What to do:
Nothing but the lines from the start of the entries below through the line containing "wonderful working day;" should appear in the answer, copied exactly and free of pictures.

= = = = =

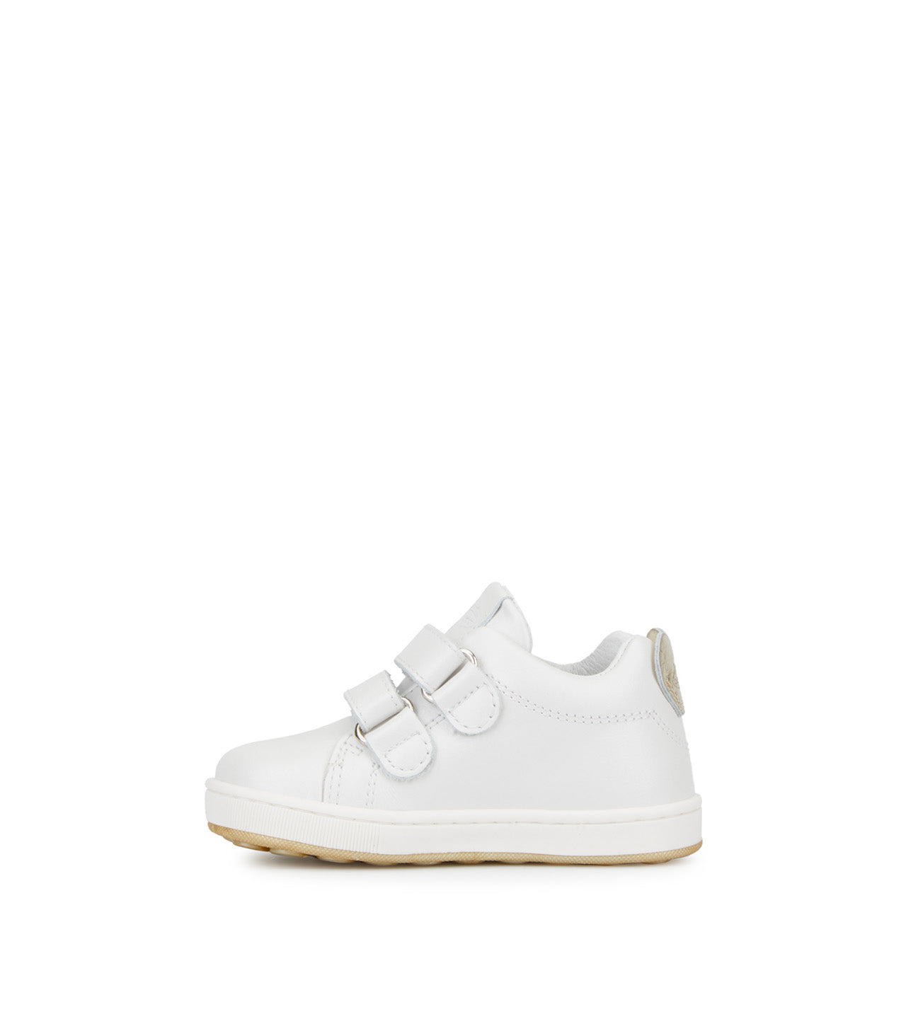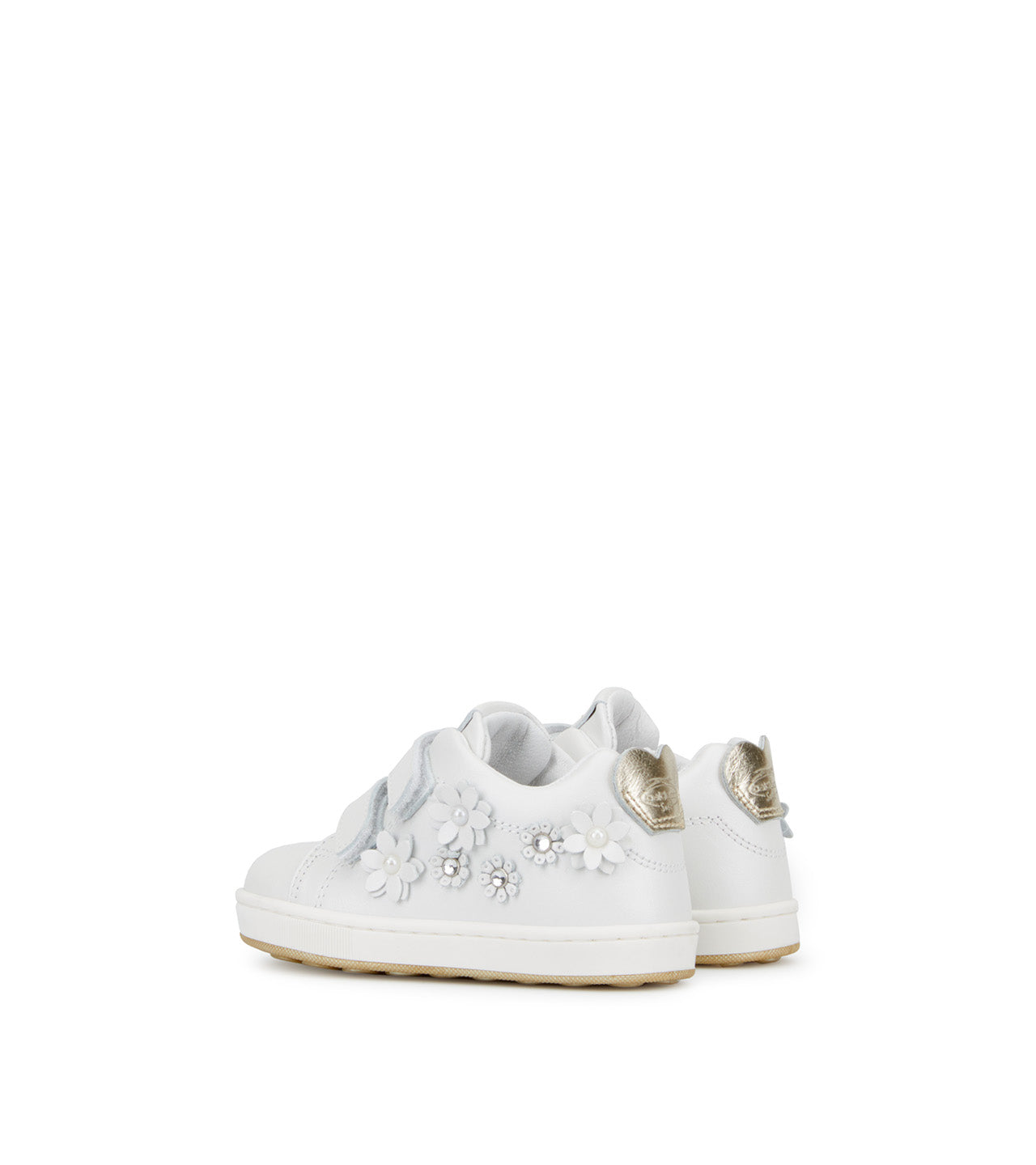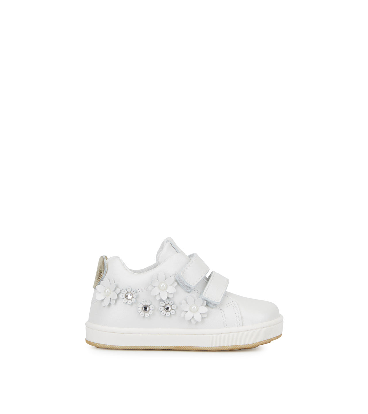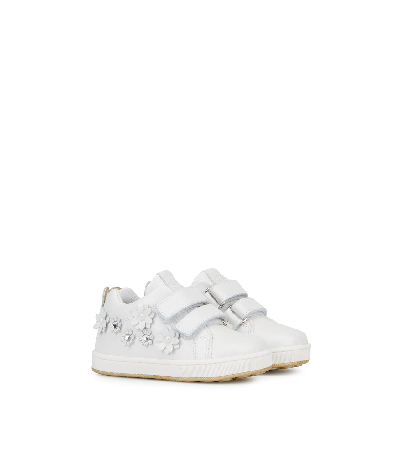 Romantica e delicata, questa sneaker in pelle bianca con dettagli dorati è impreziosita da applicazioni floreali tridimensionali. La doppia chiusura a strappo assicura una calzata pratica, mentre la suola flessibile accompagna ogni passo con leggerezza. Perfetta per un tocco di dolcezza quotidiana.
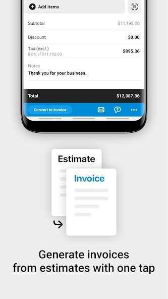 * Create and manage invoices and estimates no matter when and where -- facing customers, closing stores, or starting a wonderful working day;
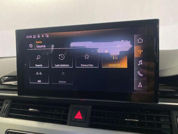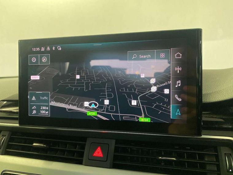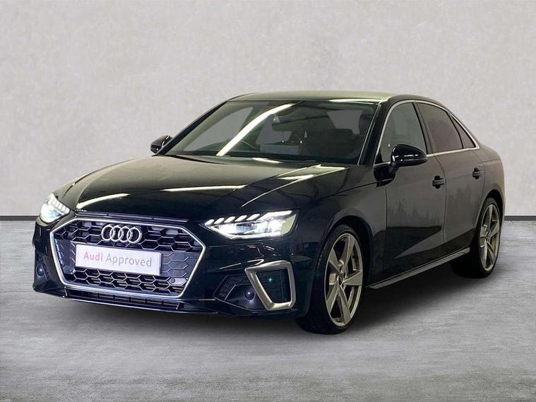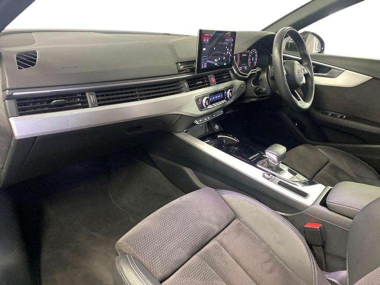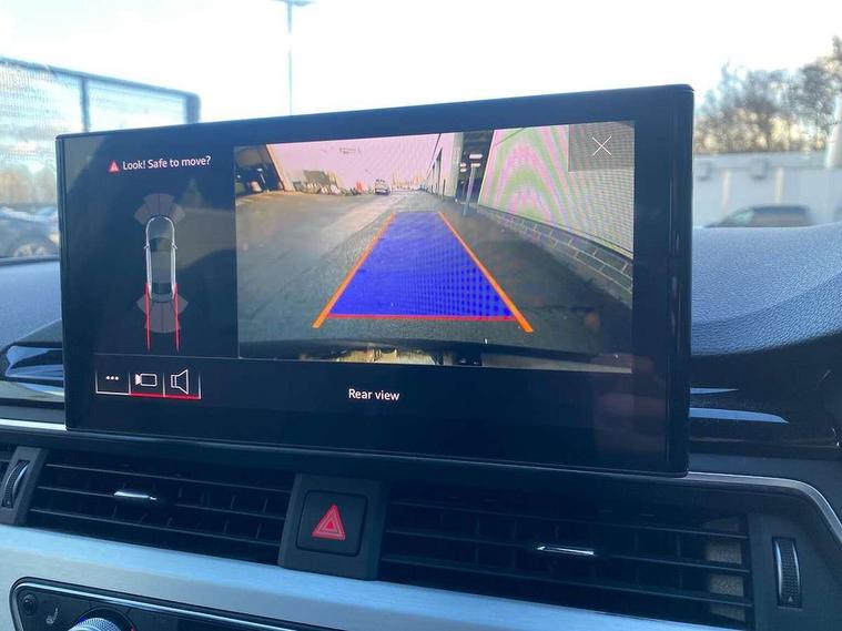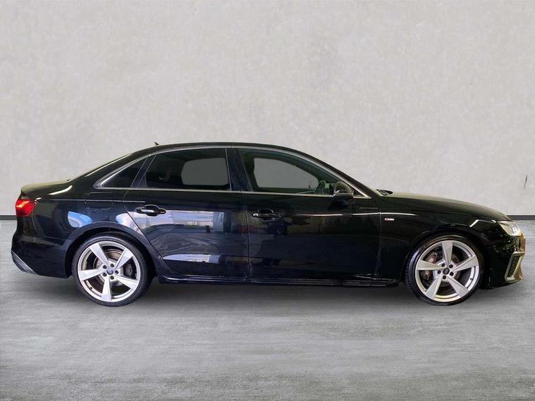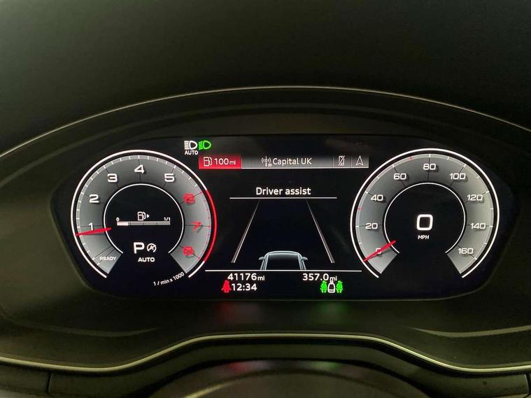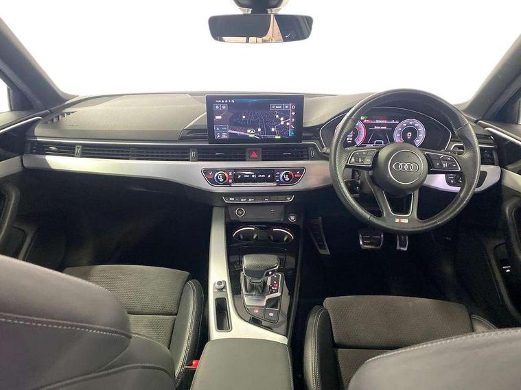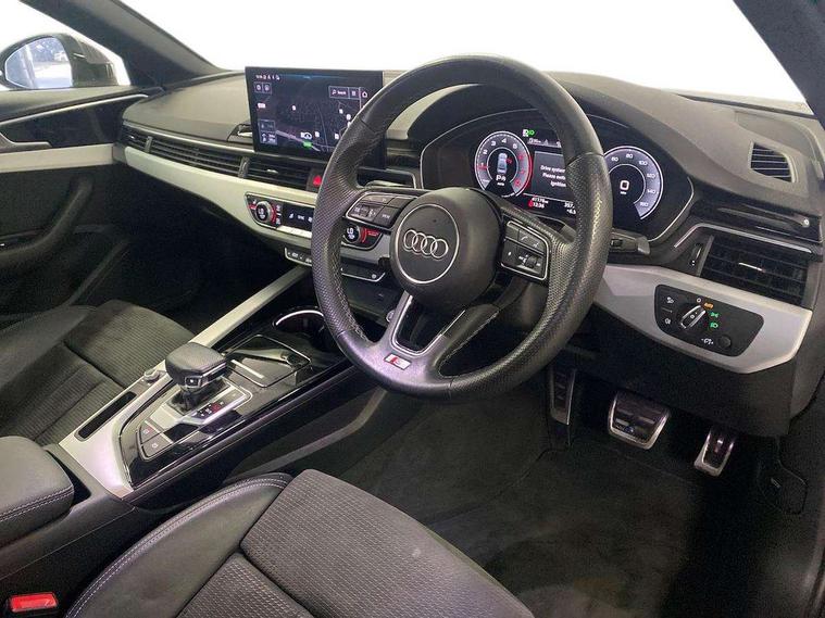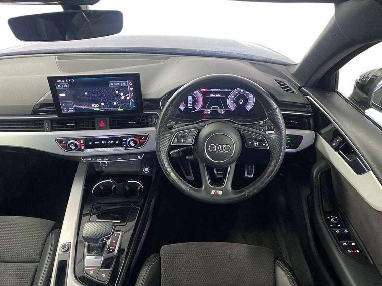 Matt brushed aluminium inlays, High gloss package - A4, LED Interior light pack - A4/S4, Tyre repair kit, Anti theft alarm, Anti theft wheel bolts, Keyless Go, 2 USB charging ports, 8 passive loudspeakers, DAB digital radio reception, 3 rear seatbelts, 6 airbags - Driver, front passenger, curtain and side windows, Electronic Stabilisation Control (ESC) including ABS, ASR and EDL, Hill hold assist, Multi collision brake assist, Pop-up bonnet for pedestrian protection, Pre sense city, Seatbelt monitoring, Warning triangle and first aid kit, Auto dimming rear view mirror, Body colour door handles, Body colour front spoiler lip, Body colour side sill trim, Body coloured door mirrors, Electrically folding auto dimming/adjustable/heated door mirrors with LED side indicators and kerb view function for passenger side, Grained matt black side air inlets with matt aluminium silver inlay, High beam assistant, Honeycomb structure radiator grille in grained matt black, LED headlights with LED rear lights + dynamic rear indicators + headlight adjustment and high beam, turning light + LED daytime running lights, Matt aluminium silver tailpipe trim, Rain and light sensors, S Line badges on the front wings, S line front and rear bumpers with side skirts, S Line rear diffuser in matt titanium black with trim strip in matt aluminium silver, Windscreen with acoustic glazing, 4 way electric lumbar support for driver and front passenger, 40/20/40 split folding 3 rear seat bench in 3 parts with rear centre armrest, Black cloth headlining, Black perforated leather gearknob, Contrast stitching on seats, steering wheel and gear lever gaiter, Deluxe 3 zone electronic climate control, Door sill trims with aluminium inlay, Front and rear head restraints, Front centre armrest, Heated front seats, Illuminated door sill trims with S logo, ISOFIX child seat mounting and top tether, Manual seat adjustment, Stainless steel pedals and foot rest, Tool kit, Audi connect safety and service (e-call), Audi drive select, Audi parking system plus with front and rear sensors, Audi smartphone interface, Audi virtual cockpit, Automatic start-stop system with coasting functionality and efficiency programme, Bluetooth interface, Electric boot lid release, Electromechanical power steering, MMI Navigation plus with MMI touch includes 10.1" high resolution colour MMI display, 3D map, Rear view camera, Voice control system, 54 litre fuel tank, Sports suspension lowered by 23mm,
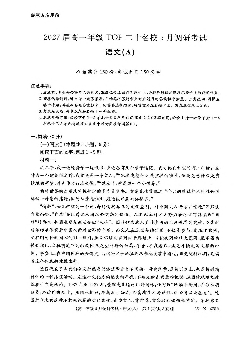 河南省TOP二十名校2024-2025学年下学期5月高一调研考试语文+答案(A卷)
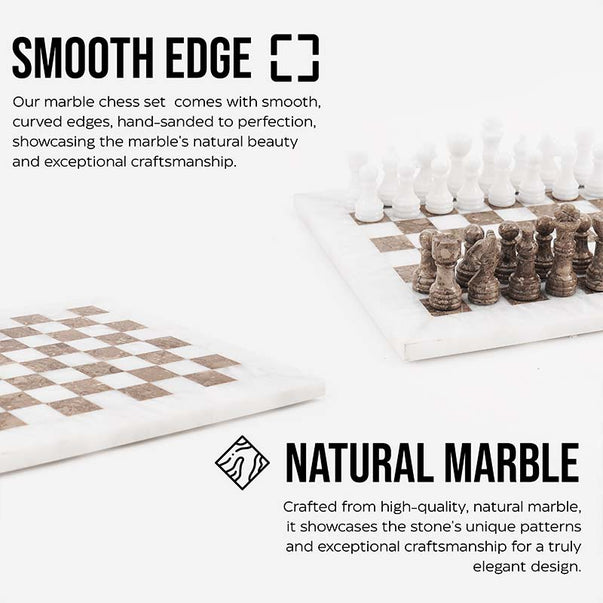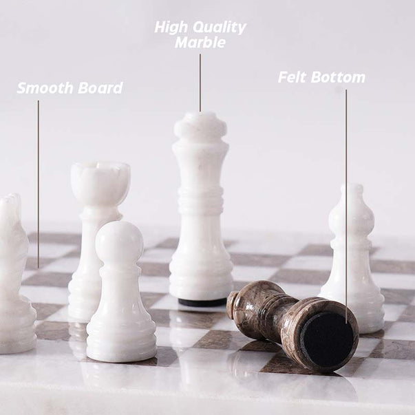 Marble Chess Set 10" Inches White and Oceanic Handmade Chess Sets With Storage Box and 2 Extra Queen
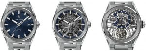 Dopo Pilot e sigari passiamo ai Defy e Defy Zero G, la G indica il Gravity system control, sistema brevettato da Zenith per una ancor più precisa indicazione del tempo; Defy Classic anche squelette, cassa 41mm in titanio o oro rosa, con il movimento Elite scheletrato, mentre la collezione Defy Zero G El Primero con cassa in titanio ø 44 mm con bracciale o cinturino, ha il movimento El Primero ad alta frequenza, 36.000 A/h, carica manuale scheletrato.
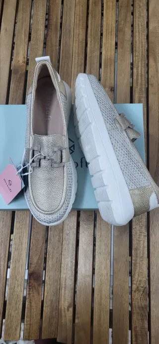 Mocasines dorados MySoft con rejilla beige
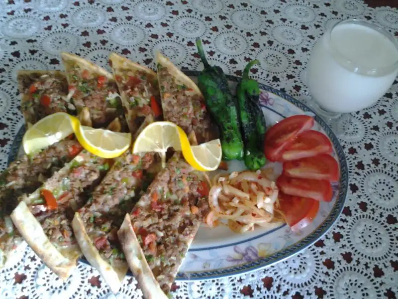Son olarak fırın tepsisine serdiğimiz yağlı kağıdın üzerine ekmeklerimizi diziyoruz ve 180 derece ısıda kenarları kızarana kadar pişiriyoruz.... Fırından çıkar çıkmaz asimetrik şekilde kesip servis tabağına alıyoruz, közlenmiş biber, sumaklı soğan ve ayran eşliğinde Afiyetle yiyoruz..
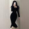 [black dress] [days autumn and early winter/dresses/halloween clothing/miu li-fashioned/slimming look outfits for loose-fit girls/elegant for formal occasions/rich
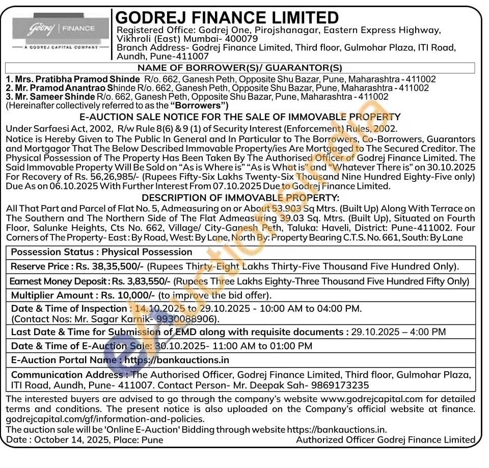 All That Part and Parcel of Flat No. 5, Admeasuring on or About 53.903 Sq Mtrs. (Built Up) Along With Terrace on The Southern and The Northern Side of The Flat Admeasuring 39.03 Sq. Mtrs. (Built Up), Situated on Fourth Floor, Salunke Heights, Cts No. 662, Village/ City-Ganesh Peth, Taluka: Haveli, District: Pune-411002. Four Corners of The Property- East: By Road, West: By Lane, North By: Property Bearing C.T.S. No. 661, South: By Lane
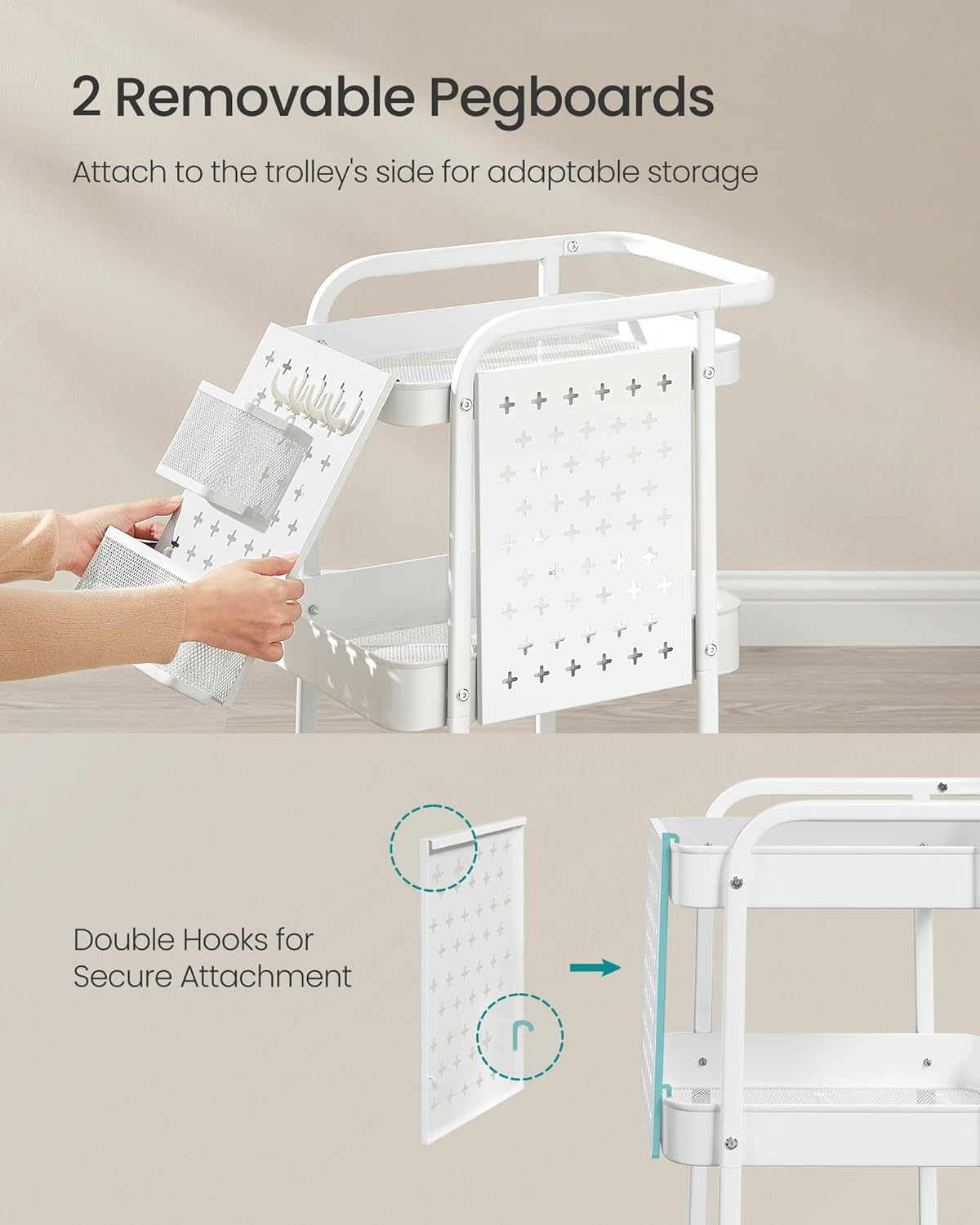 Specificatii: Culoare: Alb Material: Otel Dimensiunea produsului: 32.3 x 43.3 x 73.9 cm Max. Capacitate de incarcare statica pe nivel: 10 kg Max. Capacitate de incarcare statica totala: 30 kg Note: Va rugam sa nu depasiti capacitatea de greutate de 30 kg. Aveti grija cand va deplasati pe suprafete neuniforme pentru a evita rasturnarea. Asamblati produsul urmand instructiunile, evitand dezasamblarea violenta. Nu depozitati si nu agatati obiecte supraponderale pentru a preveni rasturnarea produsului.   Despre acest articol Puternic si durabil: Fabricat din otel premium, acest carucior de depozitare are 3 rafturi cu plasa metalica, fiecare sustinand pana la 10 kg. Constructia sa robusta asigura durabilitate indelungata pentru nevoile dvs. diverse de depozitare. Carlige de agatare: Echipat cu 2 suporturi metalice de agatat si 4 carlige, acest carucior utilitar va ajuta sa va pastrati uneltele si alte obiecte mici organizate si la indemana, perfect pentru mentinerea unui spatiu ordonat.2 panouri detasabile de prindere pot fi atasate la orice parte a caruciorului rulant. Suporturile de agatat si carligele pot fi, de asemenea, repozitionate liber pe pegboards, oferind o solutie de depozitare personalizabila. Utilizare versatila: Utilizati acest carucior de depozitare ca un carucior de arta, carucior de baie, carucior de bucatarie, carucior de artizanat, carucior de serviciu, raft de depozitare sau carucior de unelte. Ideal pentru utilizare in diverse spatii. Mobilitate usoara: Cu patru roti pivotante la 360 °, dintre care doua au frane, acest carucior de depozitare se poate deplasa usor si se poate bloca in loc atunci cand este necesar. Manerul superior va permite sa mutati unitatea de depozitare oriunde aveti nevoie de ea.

= = = = =

Answer to this problem:
 Romantica e delicata, questa sneaker in pelle bianca con dettagli dorati è impreziosita da applicazioni floreali tridimensionali. La doppia chiusura a strappo assicura una calzata pratica, mentre la suola flessibile accompagna ogni passo con leggerezza. Perfetta per un tocco di dolcezza quotidiana.
 * Create and manage invoices and estimates no matter when and where -- facing customers, closing stores, or starting a wonderful working day;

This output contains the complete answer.